For this task, output exactly the lines of the material below starting at the line with "地面被涂上各种缤纷色彩,萌萌" and ending at the line with "وفي اليوم السابق"; pictures are to be excluded.

(Beginning of LISTED RECORDS)

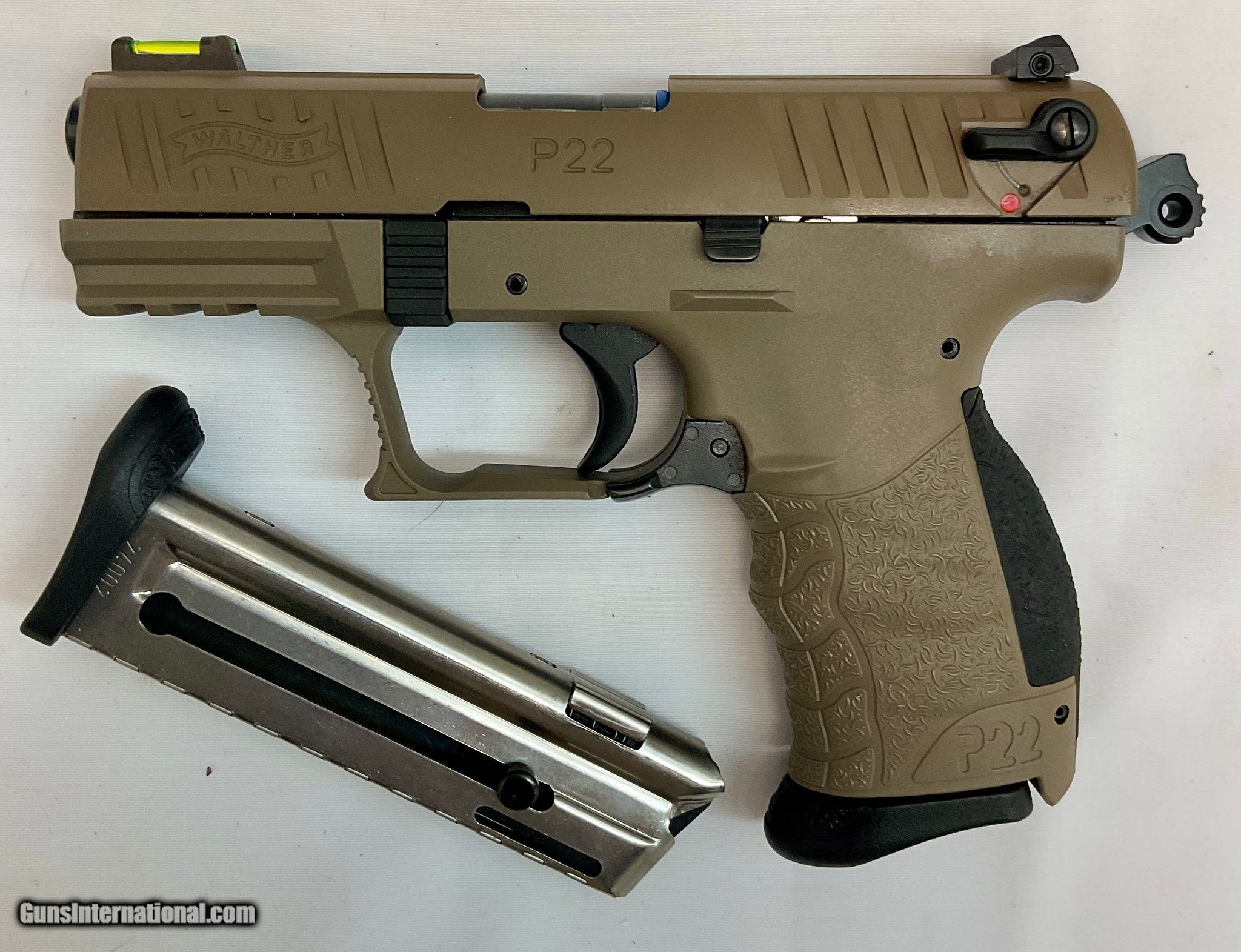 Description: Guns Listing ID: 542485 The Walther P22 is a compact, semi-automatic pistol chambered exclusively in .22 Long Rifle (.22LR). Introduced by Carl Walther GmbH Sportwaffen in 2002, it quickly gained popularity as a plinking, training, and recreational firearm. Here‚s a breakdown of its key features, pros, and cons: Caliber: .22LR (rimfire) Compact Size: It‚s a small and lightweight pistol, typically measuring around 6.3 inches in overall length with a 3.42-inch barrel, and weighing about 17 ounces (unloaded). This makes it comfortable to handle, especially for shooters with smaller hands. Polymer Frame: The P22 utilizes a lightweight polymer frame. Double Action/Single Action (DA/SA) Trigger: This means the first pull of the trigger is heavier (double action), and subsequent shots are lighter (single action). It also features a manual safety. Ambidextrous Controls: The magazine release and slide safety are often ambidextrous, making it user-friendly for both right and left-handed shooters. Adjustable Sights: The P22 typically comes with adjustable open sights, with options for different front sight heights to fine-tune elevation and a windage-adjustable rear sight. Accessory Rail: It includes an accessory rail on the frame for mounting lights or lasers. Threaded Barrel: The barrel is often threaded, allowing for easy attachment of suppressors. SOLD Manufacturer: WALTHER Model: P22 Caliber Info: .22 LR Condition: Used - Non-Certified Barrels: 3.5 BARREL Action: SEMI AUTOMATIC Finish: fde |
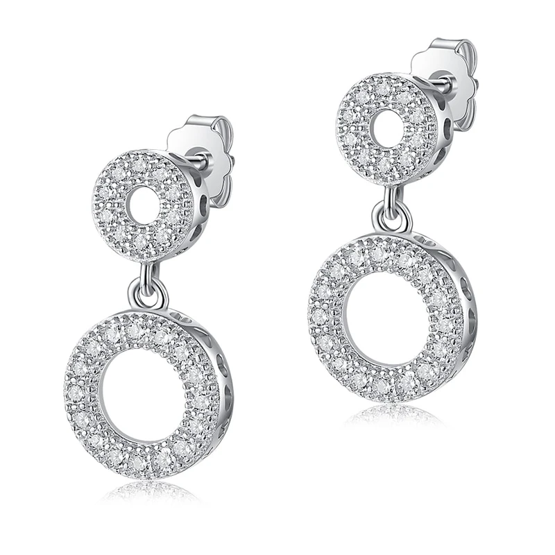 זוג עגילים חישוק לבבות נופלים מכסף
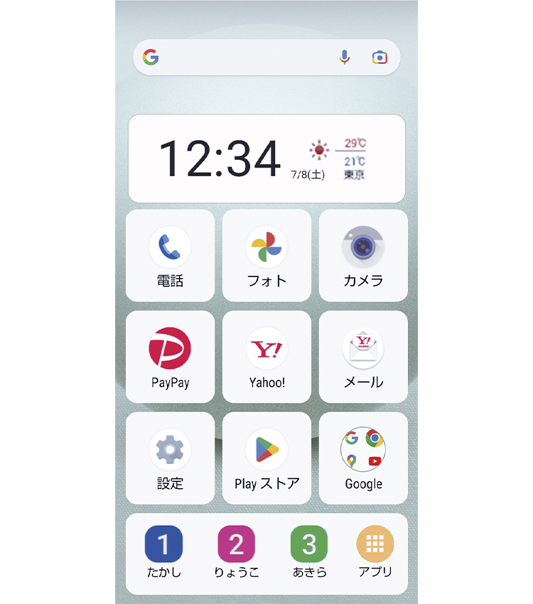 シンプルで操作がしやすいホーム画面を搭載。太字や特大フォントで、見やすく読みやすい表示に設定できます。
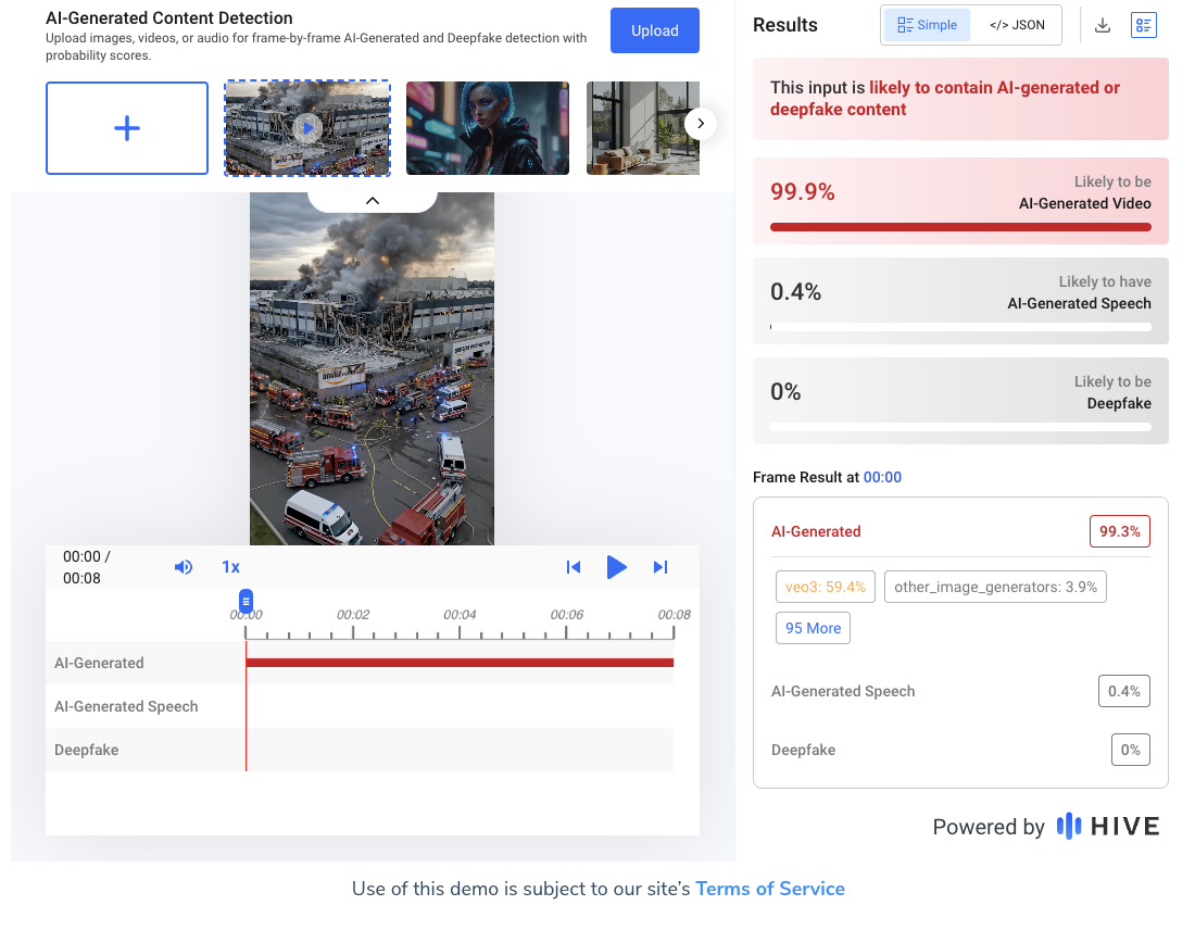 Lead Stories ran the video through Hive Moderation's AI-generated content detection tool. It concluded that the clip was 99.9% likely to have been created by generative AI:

(End of LISTED RECORDS)
(Beginning of LISTED RECORDS)

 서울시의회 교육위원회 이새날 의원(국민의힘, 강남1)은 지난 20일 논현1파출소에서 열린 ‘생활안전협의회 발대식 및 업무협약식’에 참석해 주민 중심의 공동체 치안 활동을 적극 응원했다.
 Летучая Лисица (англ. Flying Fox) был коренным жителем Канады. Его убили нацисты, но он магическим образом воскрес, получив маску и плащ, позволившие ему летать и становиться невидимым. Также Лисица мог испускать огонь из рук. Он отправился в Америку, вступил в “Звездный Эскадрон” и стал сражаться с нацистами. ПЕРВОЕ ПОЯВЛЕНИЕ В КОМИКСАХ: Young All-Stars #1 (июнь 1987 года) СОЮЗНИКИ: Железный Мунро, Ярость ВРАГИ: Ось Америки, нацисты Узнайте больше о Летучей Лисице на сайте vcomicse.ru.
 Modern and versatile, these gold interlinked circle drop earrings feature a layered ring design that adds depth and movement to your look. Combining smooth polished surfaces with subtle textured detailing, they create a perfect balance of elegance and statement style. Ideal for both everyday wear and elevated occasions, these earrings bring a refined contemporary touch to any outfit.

(End of LISTED RECORDS)
(Beginning of LISTED RECORDS)

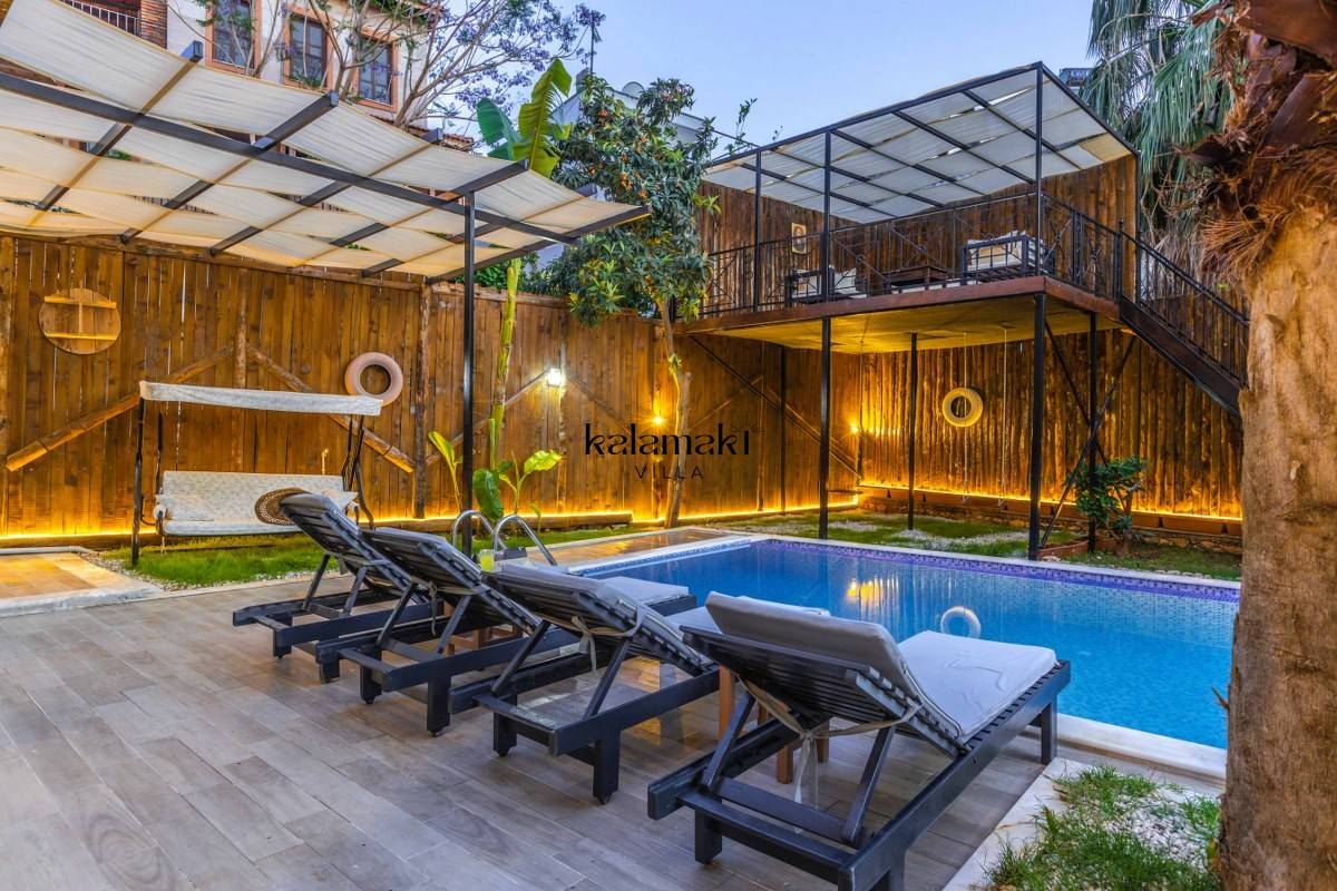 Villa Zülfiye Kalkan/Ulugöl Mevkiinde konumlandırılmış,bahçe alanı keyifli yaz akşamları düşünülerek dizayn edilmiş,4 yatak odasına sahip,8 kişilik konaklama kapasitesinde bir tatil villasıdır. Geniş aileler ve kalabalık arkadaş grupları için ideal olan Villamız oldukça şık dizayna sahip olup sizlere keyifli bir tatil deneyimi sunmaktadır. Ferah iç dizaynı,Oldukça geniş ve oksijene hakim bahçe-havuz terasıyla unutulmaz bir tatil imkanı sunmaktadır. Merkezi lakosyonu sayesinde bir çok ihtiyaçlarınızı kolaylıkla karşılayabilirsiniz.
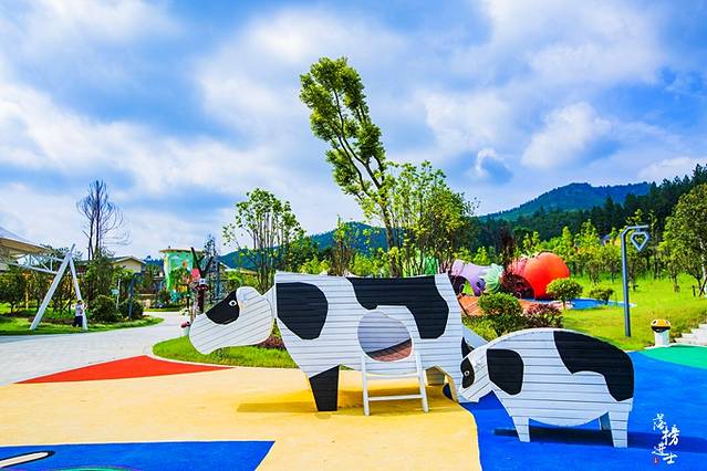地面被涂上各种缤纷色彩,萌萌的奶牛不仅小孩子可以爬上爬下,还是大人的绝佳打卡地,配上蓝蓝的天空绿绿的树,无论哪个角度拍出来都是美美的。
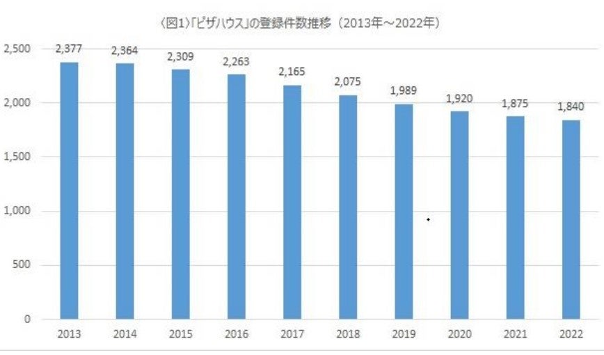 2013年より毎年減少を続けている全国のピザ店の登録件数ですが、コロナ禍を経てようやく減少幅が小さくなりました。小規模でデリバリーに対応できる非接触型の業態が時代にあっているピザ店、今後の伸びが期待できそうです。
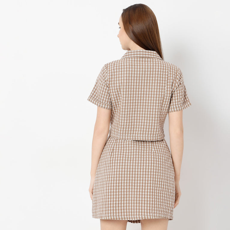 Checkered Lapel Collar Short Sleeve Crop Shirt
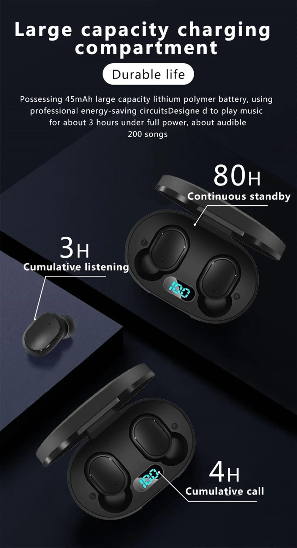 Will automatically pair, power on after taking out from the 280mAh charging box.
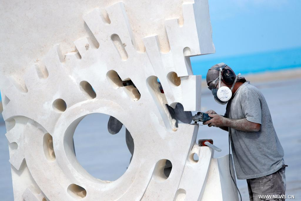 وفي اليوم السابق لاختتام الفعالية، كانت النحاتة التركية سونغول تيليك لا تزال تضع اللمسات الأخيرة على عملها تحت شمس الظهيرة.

(End of LISTED RECORDS)

### SOLUTION TO THE EXERCISE
地面被涂上各种缤纷色彩,萌萌的奶牛不仅小孩子可以爬上爬下,还是大人的绝佳打卡地,配上蓝蓝的天空绿绿的树,无论哪个角度拍出来都是美美的。
 2013年より毎年減少を続けている全国のピザ店の登録件数ですが、コロナ禍を経てようやく減少幅が小さくなりました。小規模でデリバリーに対応できる非接触型の業態が時代にあっているピザ店、今後の伸びが期待できそうです。
 Checkered Lapel Collar Short Sleeve Crop Shirt
 Will automatically pair, power on after taking out from the 280mAh charging box.
 وفي اليوم السابق لاختتام الفعالية، كانت النحاتة التركية سونغول تيليك لا تزال تضع اللمسات الأخيرة على عملها تحت شمس الظهيرة.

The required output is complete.